Michel Bidet

Effect of imidazolines on Na+ transport and intracellular pH in renal proximal tubule cells.

Recently, we characterized an imidazoline-guanidinium receptive site (IGRS) in the renal proximal tubule of rabbit kidney. Although recognized by a series of imidazoline and guanidinium alpha-2 adrenergic compounds, IGRS is insensitive to catecholamines and can be physically separated from alpha-2 adrenergic receptors after solubilization. In the present study, we investigated the effect of imidazoline derivatives on 22Na+ uptake and intracellular pH in isolated cells from rabbit renal proximal tubule. After 5 min of preincubation, idazoxan inhibited the total 22Na+ influx (-30%) in a dose-dependent manner, with a maximum effect at 10(-5) M. The effect of idazoxan was not competitive as shown by the decrease of the maximal velocity of 22Na+ entry (control: 3.80 +/- 0.42; idazoxan 10(-5) M: 3.23 +/- 0.33 nmol/30 s per mg protein, P less than 0.01).
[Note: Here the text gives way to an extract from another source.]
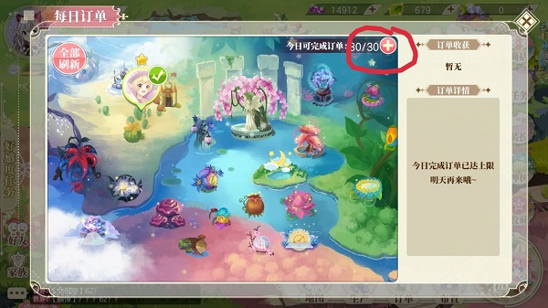 就是这个粉色的小加号,它可以增加我们的每日订单上限,从而带来更多收益,但是同样,它也需要神叶来刷新,每日最高次数是30次。

A series of imidazoline derivatives inhibited 22Na+ entry with an order of potency similar to that previously found for inhibition of [3H]idazoxan binding to IGRS (cirazoline greater than idazoxan greater than UK 14304 greater than rilmenidine much greater than cimetidine). The inhibition of 22Na+ uptake by these compounds does not appear to be related to interaction with alpha-adrenergic receptors since it was observed in the presence of saturating concentrations of the adrenergic antagonists rauwolscine (alpha-2) or prazosin (alpha-1). When tested on the regulation of intracellular pH by fluorimetric techniques, 10(-5) M cirazoline or idazoxan inhibited by 20% the velocity of the sodium-dependent H+ efflux in acidified cells (P less than 0.02). The concomitant inhibition of 22Na+ entry and of cell realkalinization suggests that imidazoline derivatives inhibit Na+/H(+)-exchanger. This effect could be mediated via the renal IGRS and intracellular second messengers that are not yet known.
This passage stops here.